• **Your goal**
Under this line are the records; repeat exactly the lines starting at the one containing "Обои Американская короткошерстная" and ending at the one containing "Если посмотреть информацию", omitting pictures.
**** Exercise material ****
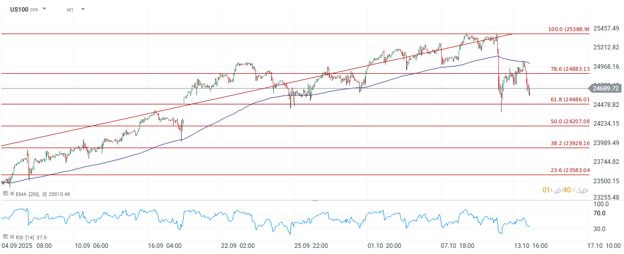 يواجه مؤشر ناسداك 100 (US100) موجة ضغط بيعي واضحة، إذ فقد زخمه الصعودي واختبر مؤخرًا مستويات دعم فنية رئيسية بعد كسر اتجاهه الصاعد الذي بدأ منذ منتصف أغسطس. ويتزامن هذا التصحيح مع بداية موسم الأرباح في وول ستريت واستمرار حالة الغموض بشأن السياسة النقدية الأمريكية وسط الإغلاق الحكومي.
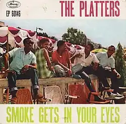 "Smoke Gets in Your Eyes" was recorded in 1958 by the Platters for their album Remember When? The group's version became a number 1 hit in the U.S. on the Billboard Hot 100 music chart, and was their highest hit on that chart. In 1959 it peaked at number 3 on the Rhythm and Blues chart.[14] The song spent 20 weeks on the UK charts, peaking at Number 1 for one week on March 20 of that same year.[15] Buck Ram, the producer, said that Harbach praised them "for reviving his song with taste."[13] The widow of composer Jerome Kern disliked the recording so much, she began legal action to prevent its distribution.[16] However, after she was informed that the record was a huge seller and she was going to receive large royalties from its sales, she dropped her lawsuit.[3][17]
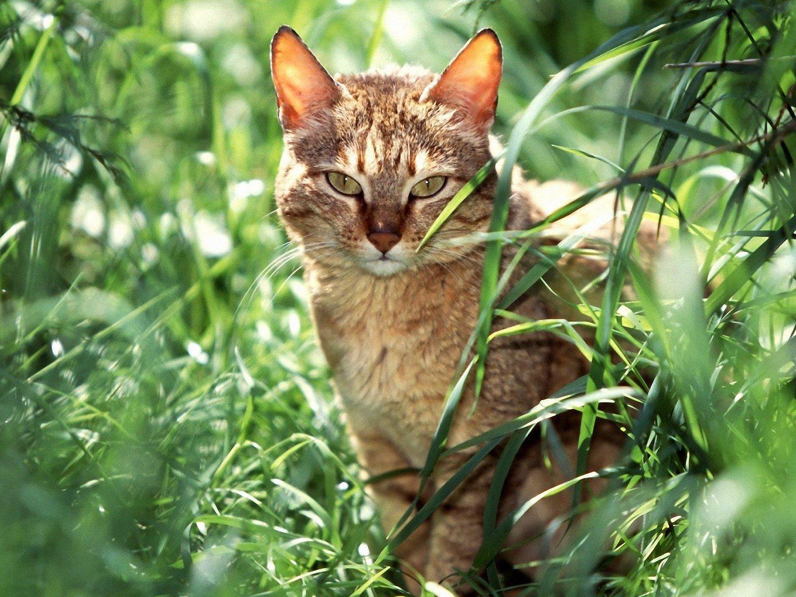 Обои Американская короткошерстная кошка в траве
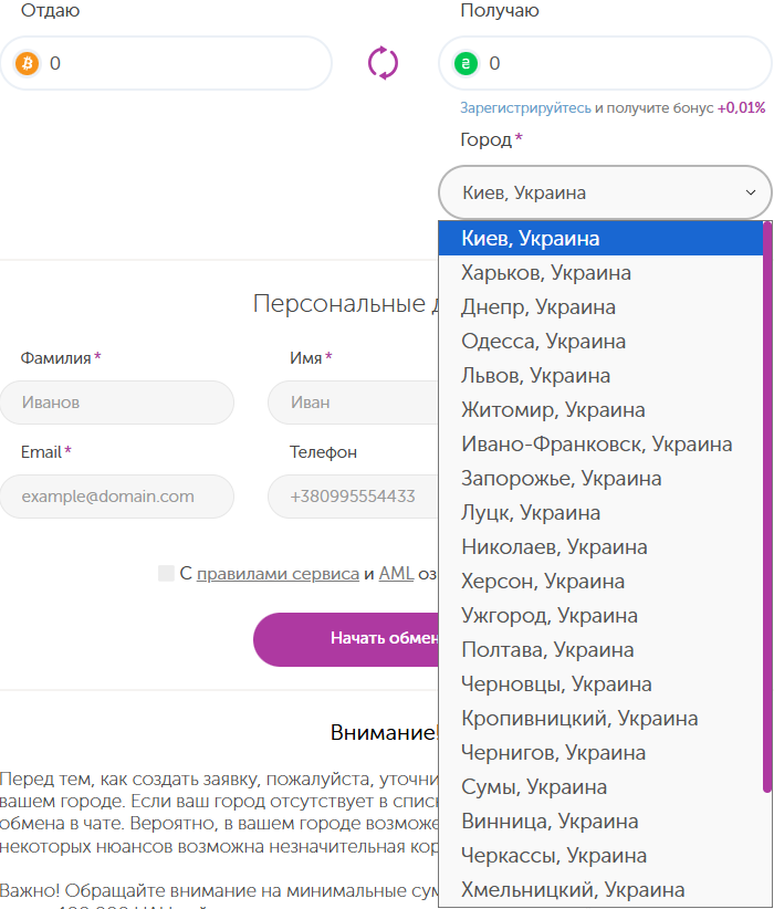 Если посмотреть информацию по обменным курсам, то видно, что основной аудиторией сервиса являются граждане Украины, так как доступен обмен на гривны и выдача наличных в гривнах в разных городах страны.
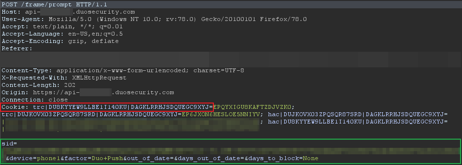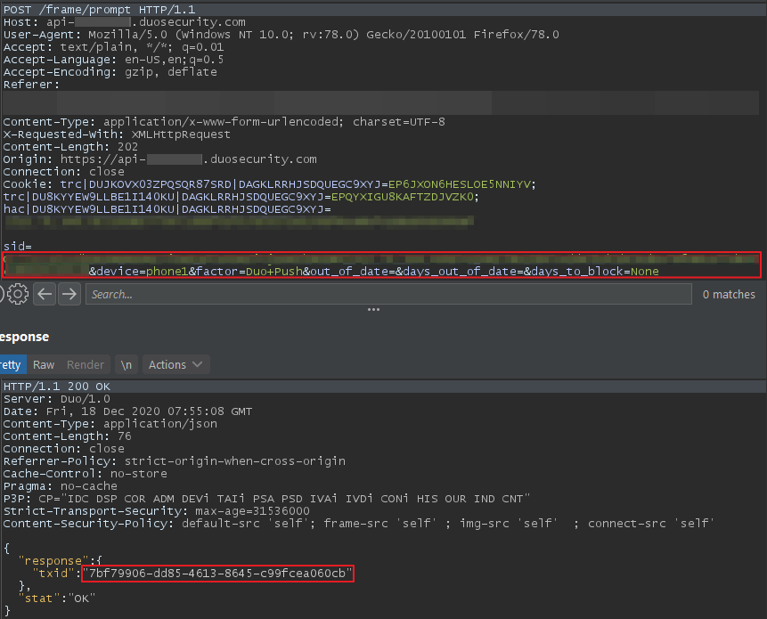 While having a closer look at the generated HTTP traffic in Burp, I decided to give Duo another look. We had extra application accounts which we could use for testing, which is important as you’d see shortly. During a typical authentication flow, a user would eventually trigger a two-factor authentication verification that is sent to a Duo endpoint via a POST request, e.g. below:
****
• **Response to the task**
 Обои Американская короткошерстная кошка в траве
 Если посмотреть информацию по обменным курсам, то видно, что основной аудиторией сервиса являются граждане Украины, так как доступен обмен на гривны и выдача наличных в гривнах в разных городах страны.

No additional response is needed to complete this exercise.